# 1970 400 Carb Change



## LCplOsborne (Aug 6, 2009)

I'm running in what used to be a fully-stock 1970 400 block. What's changed is that I'd been running a Rochester Quadrajet, and am now running an Edelbock 1407 (squarebore with adaptor). The reason I switched was that the secondary cam in the Qjet broke in half, leaving me surging down the road with fully open secondaries and no fuel in them.
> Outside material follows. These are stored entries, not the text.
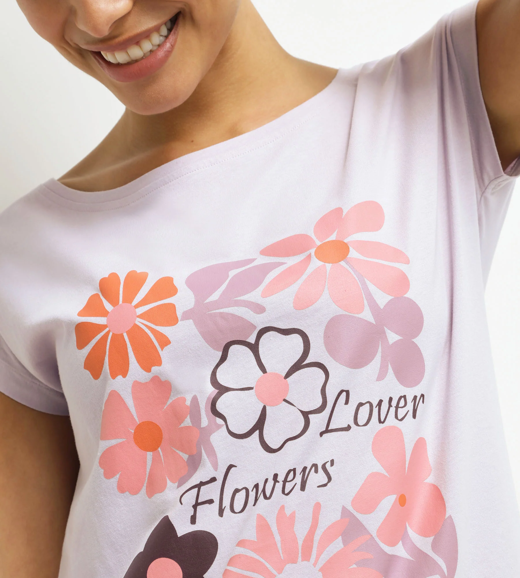 Sumérgete en la suavidad con el camisón para mujer Dim Nightwear en ligero jersey lila y un colorido estampado floral.
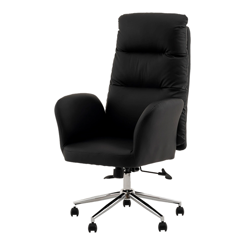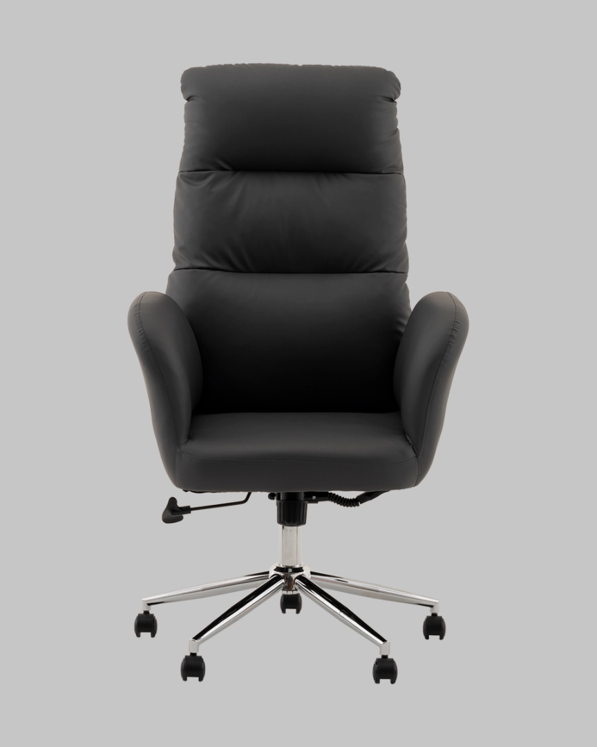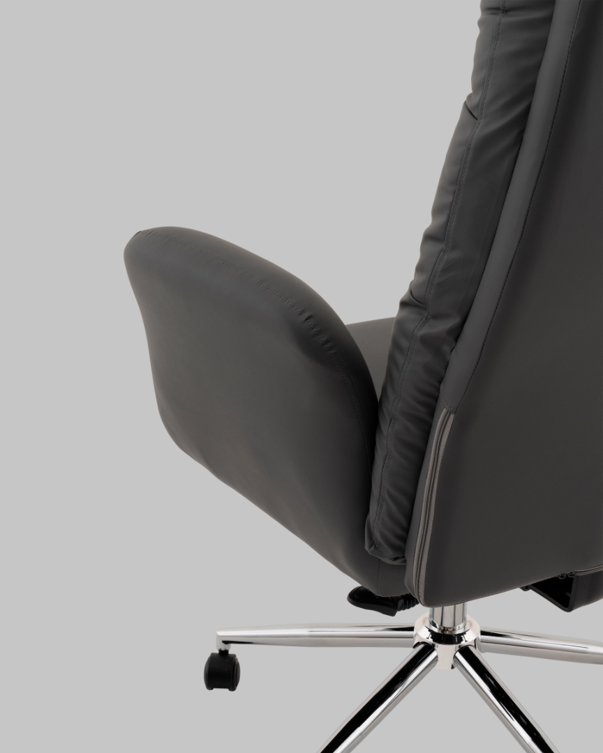 Плавные формы подлокотников и продуманная форма спинки создают дополнительную поддержку. Прочная металлическая крестовина и устойчивые нейлоновые ролики рассчитаны на нагрузку до 120 кг, гарантируя долговечность и устойчивость.
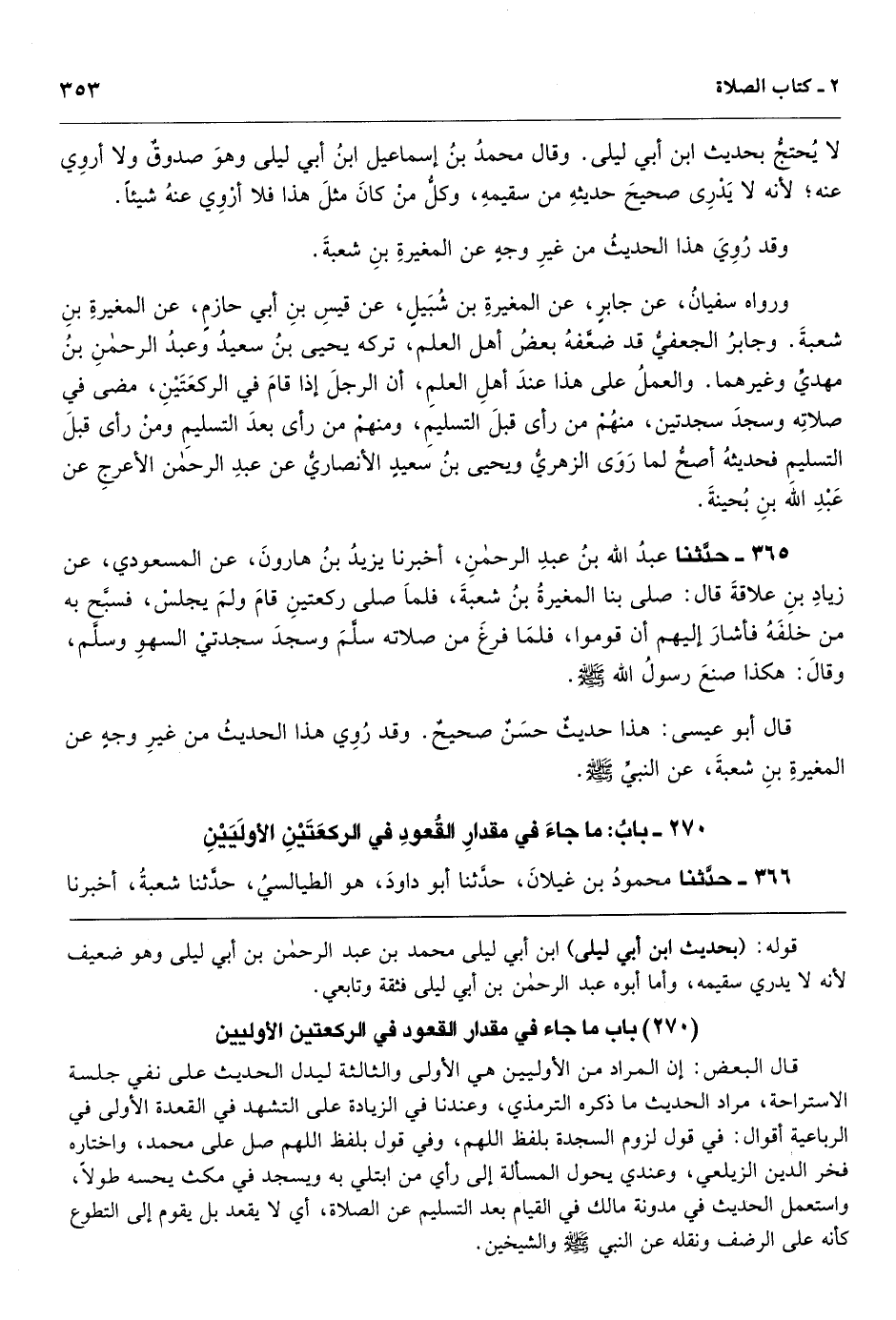 [366] قال البعض: إن المراد من الأوليين هي الأولى والثالثة ليدل الحديث على نفي جلسة الاستراحة، مراد الحديث ما ذكره الترمذي، وعندنا في الزيادة على التشهد في القعدة الأولى في الرباعية أقوال: في قول لزوم السجدة بلفظ اللهم، وفي قول بلفظ اللهم صل على محمد، واختاره فخر الدين الزيلعي، وعندي يحول المسألة إلى رأي من ابتلي به ويسجد في مكث يحسه طولاً، واستعمل الحديث في مدونة مالك في القيام بعد التسليم عن الصلاة، أي لا يقعد بل يقوم إلى التطوع كأنه على الرضف ونقله عن النبي - صَلَّى اللهُ عَلَيْهِ وَسَلَّمَ - والشيخين.

I'm nowhere near any store with appropriate kits, but am considering ordering a full kit from Cliff to restore the Qjet (it comes with a new cam).

My question is that while I'd been running the Qjet I had a great deal of power at the low range, I was ALWAYS able to squeal tires at takeoff and the tires would also chirp at shifts from 1-2 and 2-3 (Automatic tranny). 

However, running the Edelbrock I dont have the squealing or chirping, and dont seem to have the same raw power at takeoff. On the plus side overall accelleration from 1-80 is MUCH smoother than with the Qjet. No hesitation during shifts at all. With the Qjet there would be a slight stall and then the tires would chirp and I'd take off again on each shift. I'm wondering if this is a tradeoff in carburetor types (spreadbore vs squarebore) or perhaps I can attain the same power with the Edelbrock with proper tuning.

Should I get the $90 kit and fix up my Qjet? Or keep messing with the Edelbrock?


----------



## xcmac26 (Dec 1, 2008)

fix the q-jet, sell me the edelbrock at discount:cheers

My understanding is edelbrocks are very street worthy carburators, made to run smooth but you sacrifice some outright performance in the process. You just need to ask yourself if you want that smoothness or if you want the car to be a little rough and wild.


----------



## LCplOsborne (Aug 6, 2009)

Well I'll work on ordering the kit, but in the meantime I had another question about this Edelbrock 1407. On the Qjet I had a manifold vacuum port on the rear that I was using for the brake booster hose. On the Edelbrock there was also this port, but no nozzle provided for the port, only a plug. Instead, I attached the brake booster to a large central PCV port on the front of the carb that the Qjet didn't have. After doing some research as to what that port is actually for, I figured it wasn't appropriate for the brake booster, so I got a nozzle and switched it to the back, leaving the PCV port open. After determining that this plug always pulls vacuum anyway, I plugged it with a short length of hose and a big screw. Did I end up changing anything at all? Is there a difference in vacuum pressure between these two ports?


----------



## xcmac26 (Dec 1, 2008)

:confused

I have no idea. Anyone else want to field this one?


----------



## geeteeohguy (Feb 2, 2008)

Depends on if the port is above or below the throttle plates. You want the brake booster, and the pcv, to be hooked up to direct manifold vacuum. Below the throttle plates. BTW, I vote for the Q-Jet. Economy AND raw power.


----------



## LCplOsborne (Aug 6, 2009)

Switched to a remanned QJet yesterday and very pleased.


----------



## 68greengoat (Sep 15, 2005)

Good choice.....


----------